MAKES ABOUT 16 MUSHROOMS
45 MINUTES PLUS 2 HOURS SOAKING
VEGAN
GLUTEN-FREE

Ingredients

For the CASHEW SAUCE

1 cup cashews, soaked at least 2 hours and up to overnight in water, drained and rinsed
¾ cup water
1 tablespoon nutritional yeast
1 teaspoon garlic powder
1 teaspoon onion powder
½ teaspoon sea salt
½ teaspoon ground black pepper
¼ teaspoon nutmeg 

For the MUSHROOMS

16 baby bella mushrooms, stems removed and cleaned
2 tablespoons olive oil, divided
3 large swiss chard leaves, stems removed, leaves finely chopped and stems set finely diced
¾ cup red lentils, cooked
1 tablespoon Italian parsley, finely chopped
Pinch sea salt
Pinch ground black pepper

Instructions

  • Preheat the oven to 375F and line a baking tray with parchment paper.
  • Place the soaked and drained cashews in a food processor or high speed blender along with the water, nutritional yeast, garlic powder, onion powder, sea salt, black pepper and nutmeg.

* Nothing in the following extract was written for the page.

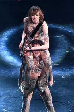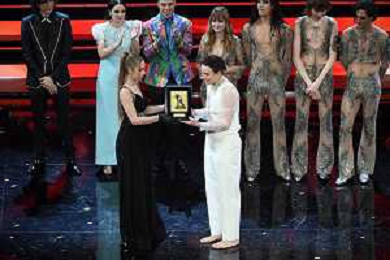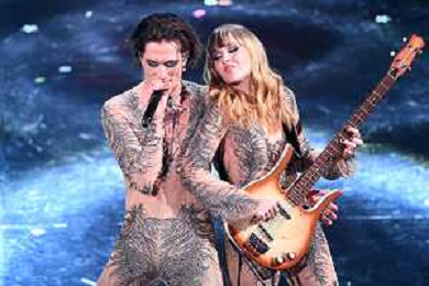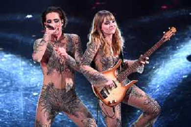 Damiano David SX e Victoria De Angelis DX rispettivamente voce e bassista dei Maneskin 71mo Festival della Canzone Italiana Sanremo 2021 - Quinta Serata Teatro Ariston - Sanremo (IM) 06-03-2021 foto Roberto Garavaglia/ag. Aldo Liverani sas

Blend until smooth, scraping down the sides occasionally, about 2 minutes.
  • In a medium sized skillet, heat 1 tablespoon of the olive oil. Add the diced chard stems and cook for 2 minutes before adding the leaves. Continue cooking for another 5 minutes.
  • Stir in the red lentils and the cashew sauce. Bring to a light simmer and cook for 5 minutes. While the mixture cooks, place the stemmed mushrooms, cap side down, on the baking tray. Drizzle with the remaining tablespoon of olive oil and season with the salt and pepper.
  • Using a tablespoon, spoon the chard and lentil mixture into each of the mushroom caps and then place back on the tray.
  • Bake in the oven for 20 minutes and serve immediately.